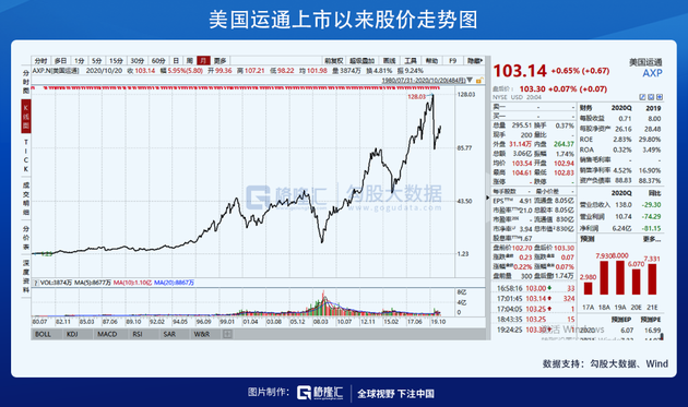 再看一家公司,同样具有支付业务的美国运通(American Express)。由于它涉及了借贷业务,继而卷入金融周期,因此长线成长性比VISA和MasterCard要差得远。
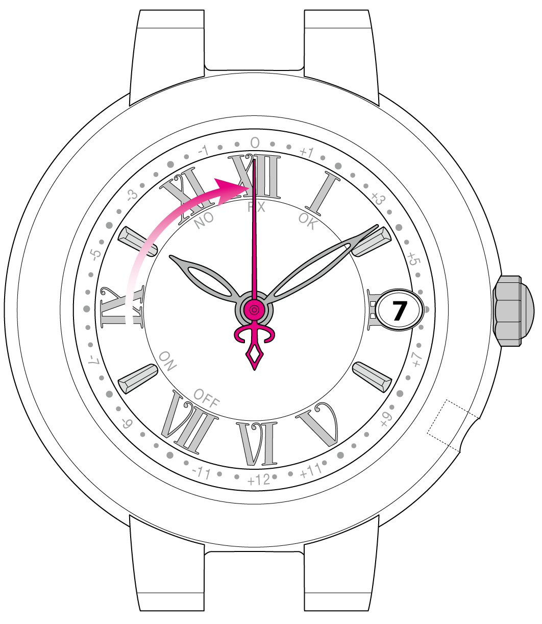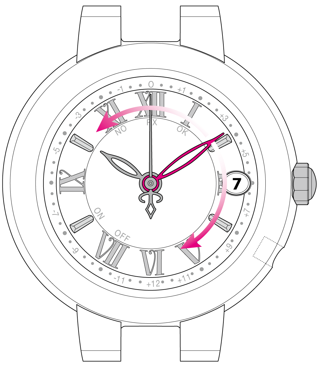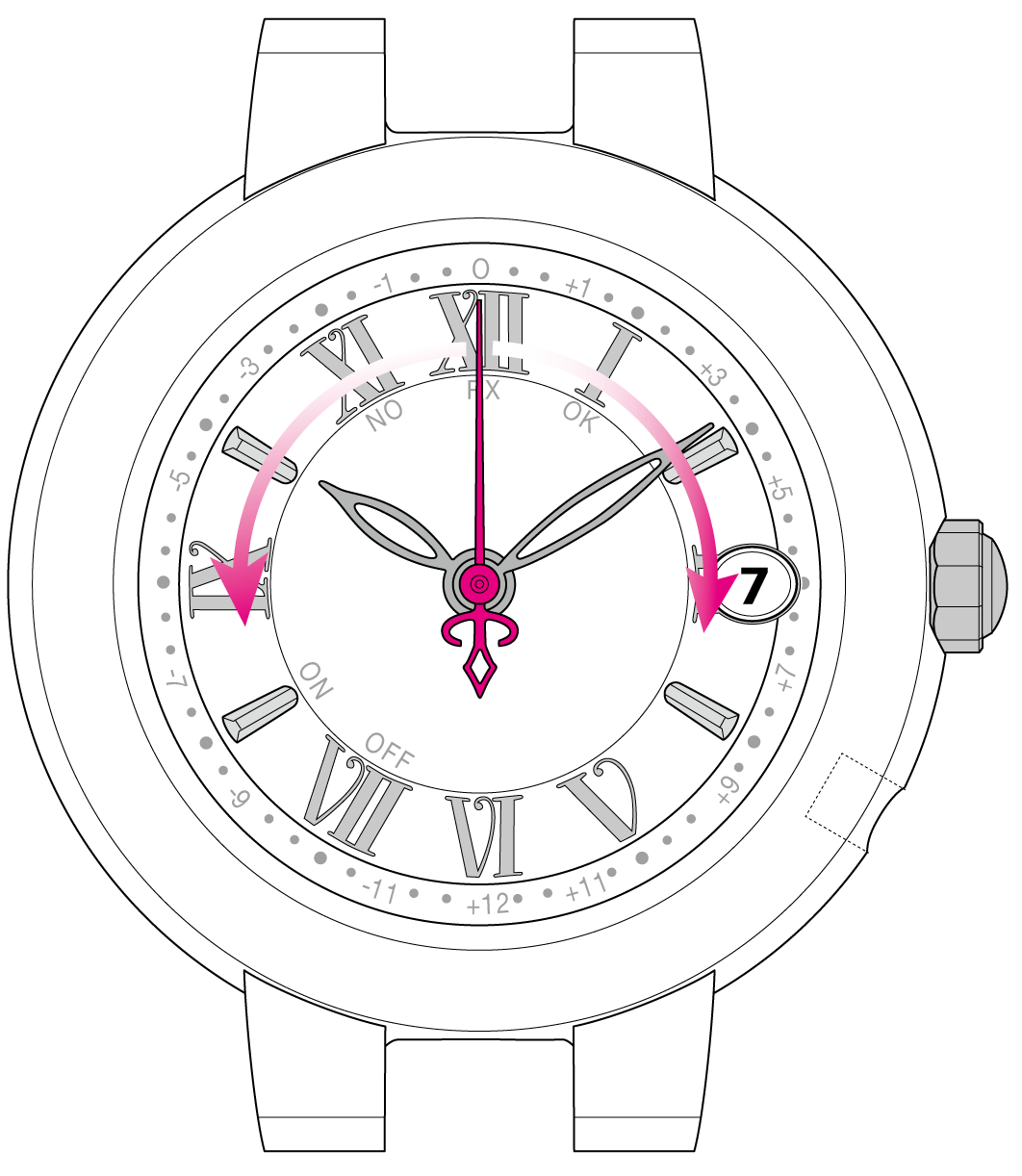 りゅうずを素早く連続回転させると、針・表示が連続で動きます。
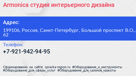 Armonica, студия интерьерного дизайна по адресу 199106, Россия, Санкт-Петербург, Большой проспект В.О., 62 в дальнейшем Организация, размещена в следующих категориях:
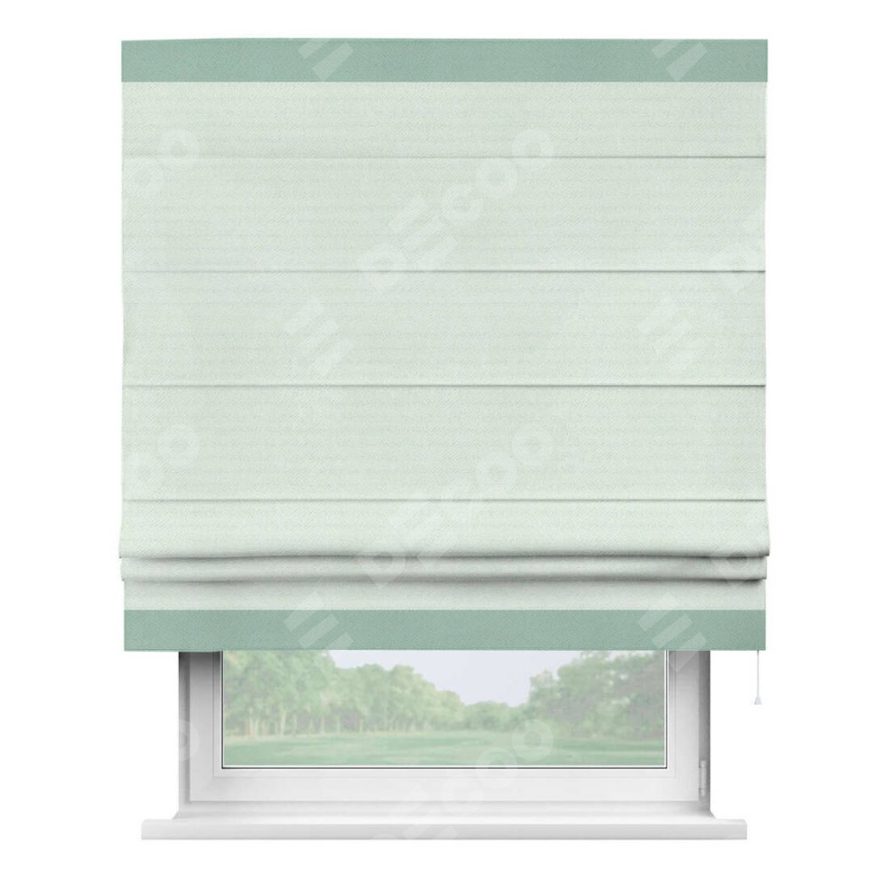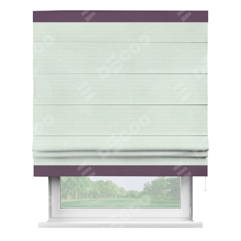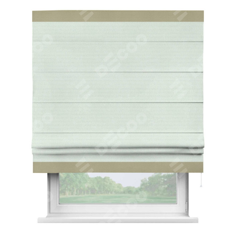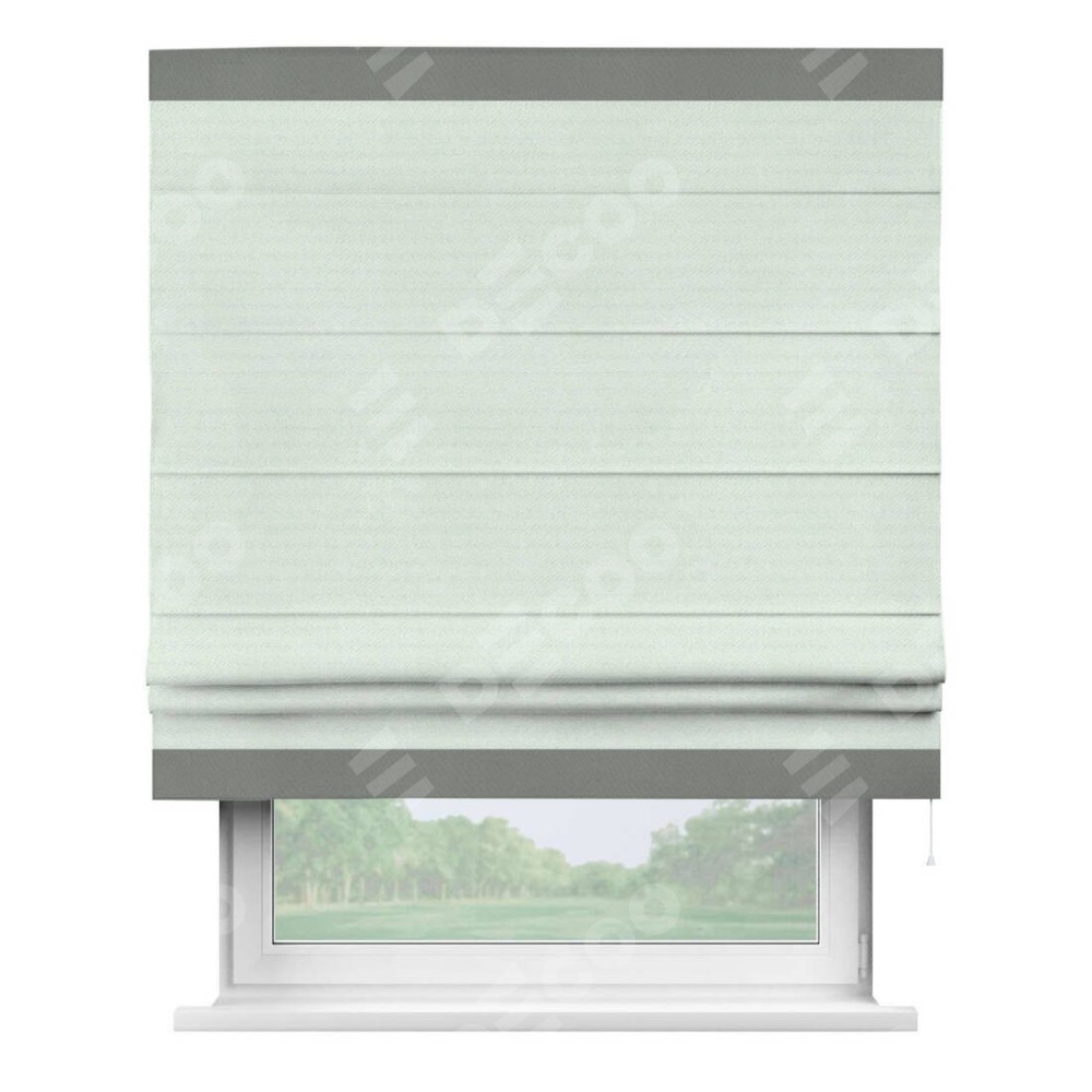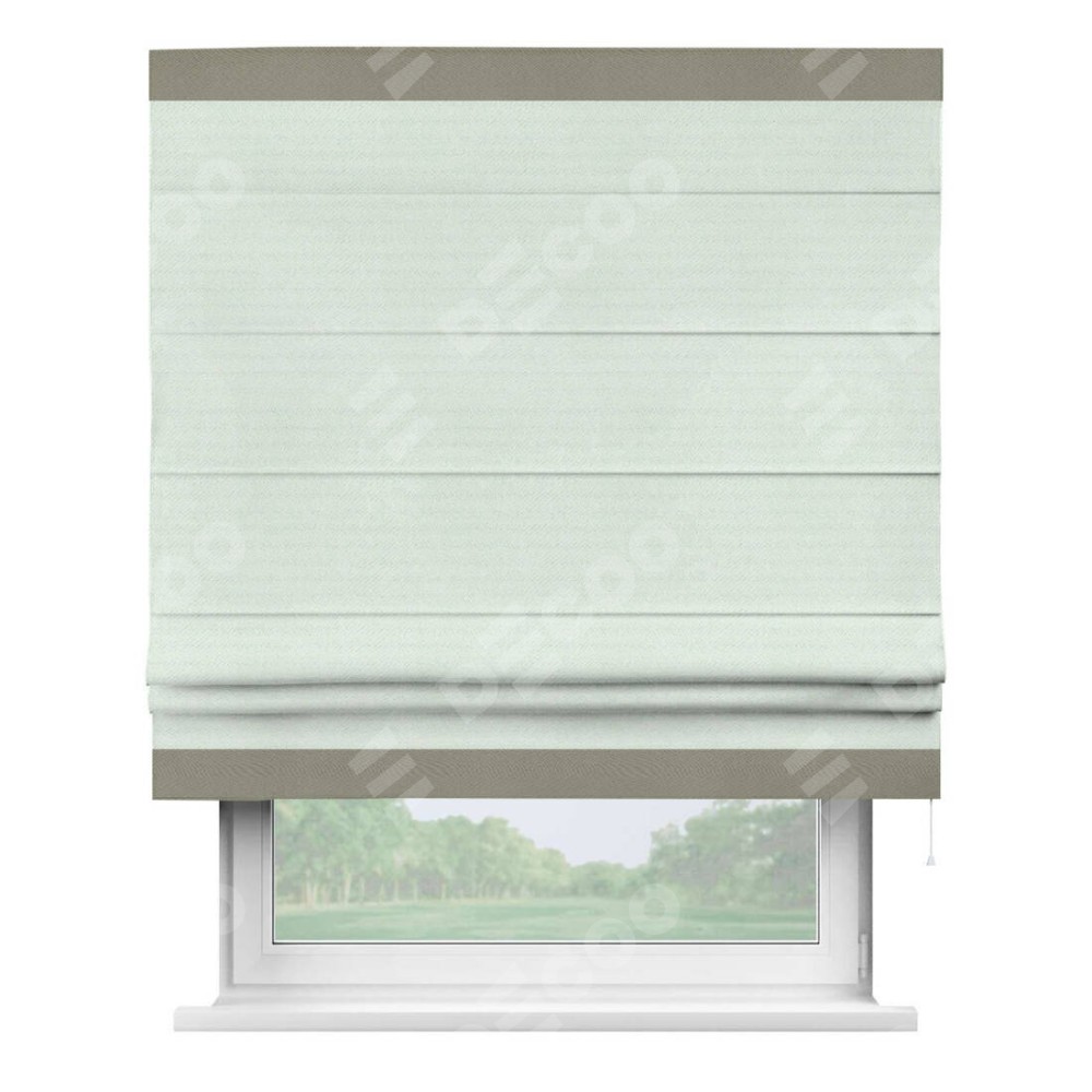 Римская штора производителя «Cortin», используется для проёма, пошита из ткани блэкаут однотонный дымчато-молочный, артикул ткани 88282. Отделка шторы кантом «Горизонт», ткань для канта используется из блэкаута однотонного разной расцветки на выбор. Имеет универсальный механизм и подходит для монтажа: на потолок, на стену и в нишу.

.....

◆ Brief: Where the line containing "りゅうずを素早く連続回転させると、針・表示が連続で動きます。" appears, begin writing out the lines exactly, and continue through the end of the material above, omitting pictures.

◆ Result below:
 りゅうずを素早く連続回転させると、針・表示が連続で動きます。
 Armonica, студия интерьерного дизайна по адресу 199106, Россия, Санкт-Петербург, Большой проспект В.О., 62 в дальнейшем Организация, размещена в следующих категориях:
 Римская штора производителя «Cortin», используется для проёма, пошита из ткани блэкаут однотонный дымчато-молочный, артикул ткани 88282. Отделка шторы кантом «Горизонт», ткань для канта используется из блэкаута однотонного разной расцветки на выбор. Имеет универсальный механизм и подходит для монтажа: на потолок, на стену и в нишу.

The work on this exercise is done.